The real problem was that Apple wrote the Google Maps app, and wasn't willing
to cooperate with Google on it at all. Literally, they demanded some basic
protocol specs and then wrote the app themselves. This led to several
problems:

1\. They refused to tell Google what changes they were making to their app,
which led to:

2\. Repeatedly screwing up their implementation in ways that very seriously
threatened the stability of the entire Google Maps services (think: slamming
the servers with way more traffic than any reasonable implementation should).

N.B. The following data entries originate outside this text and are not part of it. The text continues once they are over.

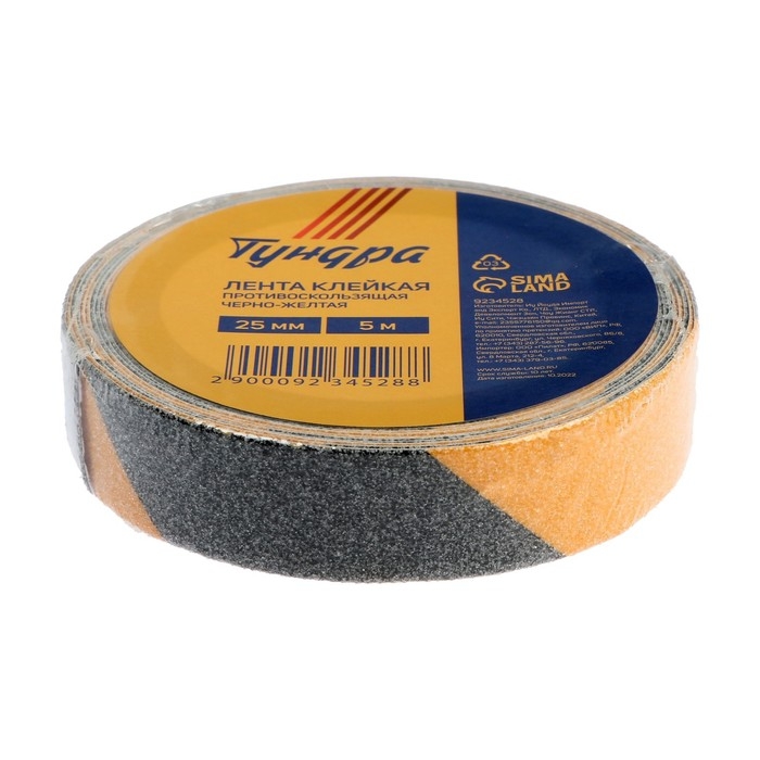 Лента клейкая ТУНДРА, противоскользящая, черно-желтая, 25 мм х 5 м
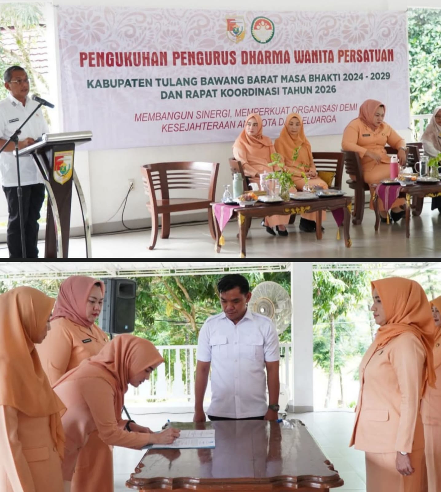 Tubaba, indonewsmedia.com – Suasana khidmat menyelimuti Aula Rumah Dinas Bupati Tulang Bawang Barat, Rabu (11/02/2026), saat Pengurus Dharma Wanita Persatuan (DWP) Kabupaten Tulang Bawang Barat masa bakti 2024–2029 resmi dikukuhkan. Kegiatan tersebut dirangkaikan dengan Rapat Koordinasi DWP sebagai langkah awal menyatukan visi dan program kerja ke depan.
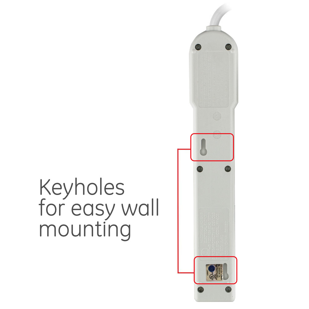 This power strip consists of six 3-hole outlets that houses up to six different electrical devices at a time. A red rocker switch is used to turn electrical current flow on or off, along with a 3-foot long heavy-duty power cord. Two keyholes are present on the underside of the power strip that allows you to easily mount it onto a wall.
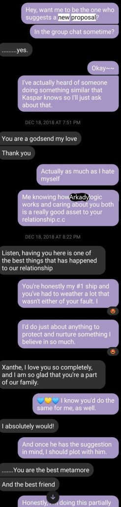 As much as I hated myself for doing this, I agreed to try to subtly sway Arkady into doing a ‘new proposal.’ After all, Rowan was beginning their transition, looked different than they had during their first engagement photos– all good points for a ‘do-over.’
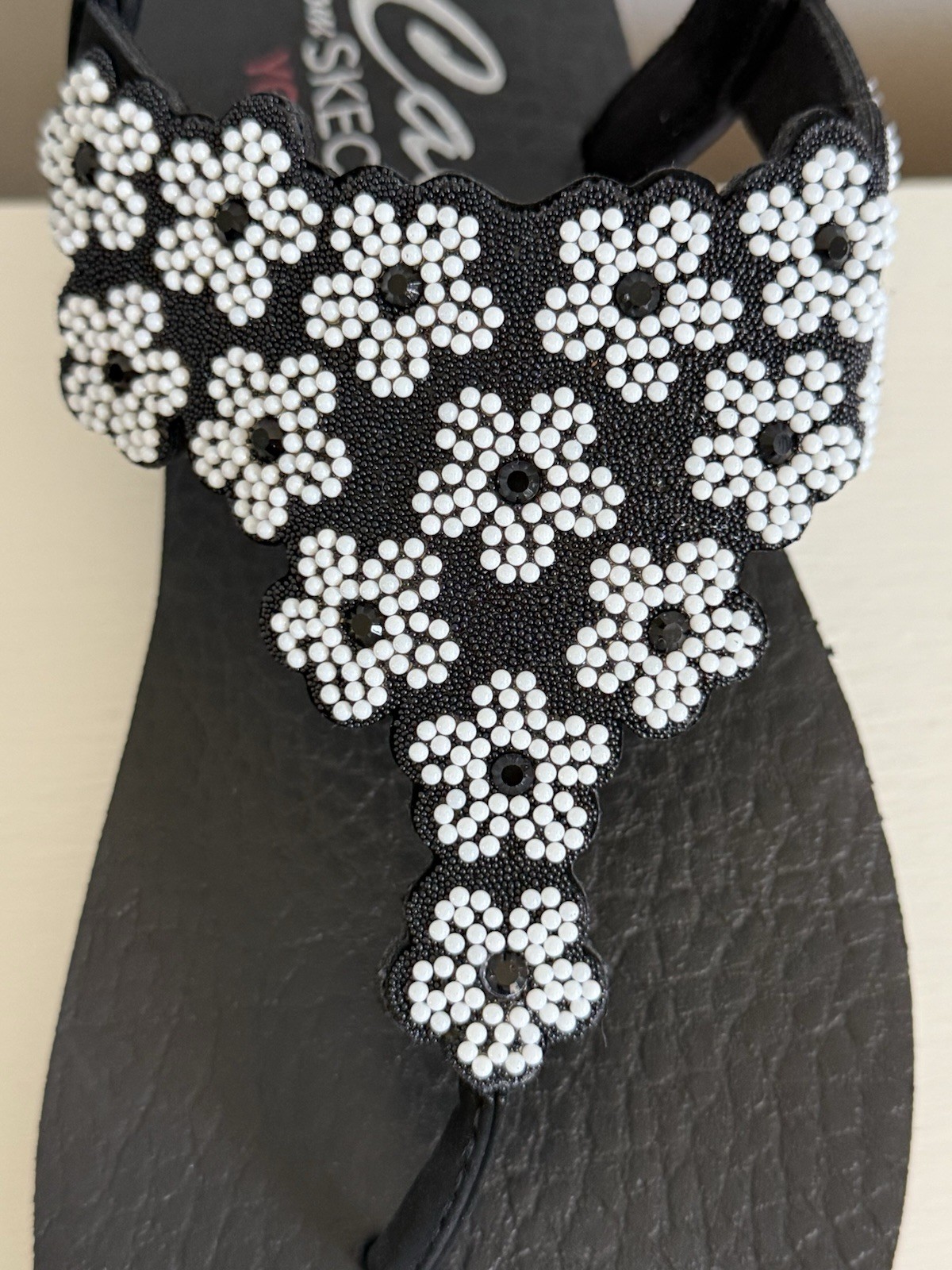 Skechers Cali Yoga Foam Meditation Black Floral Thong Sandals Women s 7

Apple love to claim the best results arise from integrating hardware, software
and services. Well, guess what, that logic works in both directions: by
preventing even basic cooperation between the Apple team writing the GMaps
app, and the rest of the GMaps team, they created massive problems. Especially
because at this time Apple engineering had no serious experience with large
online services ... MobileMe was a disaster ... and so they kept making basic
mistakes no Google team would ever make. They also refused Google's help to
stop making them.

3\. The GMaps team was much larger and better funded than the iOS team, so iOS
rapidly fell behind the featureset available on Android and the web. Google
attempted to fix this by writing their own GMaps app, which Apple then
_blocked_ on the grounds it was competitive with their own (this was back when
they had this policy).

Basically the relationship was antagonistic from the start from Apple's side,
and rapidly spiralled downhill as Google's own services accelerated away from
what Apple was capable of.

The whole Apple schtick that Google was desperate to violate privacy or get
telemetry is just an advertising attack angle: it shouldn't work on the sort
of people who read Hacker News. Apple Maps is architecturally identical to
Google Maps, after all.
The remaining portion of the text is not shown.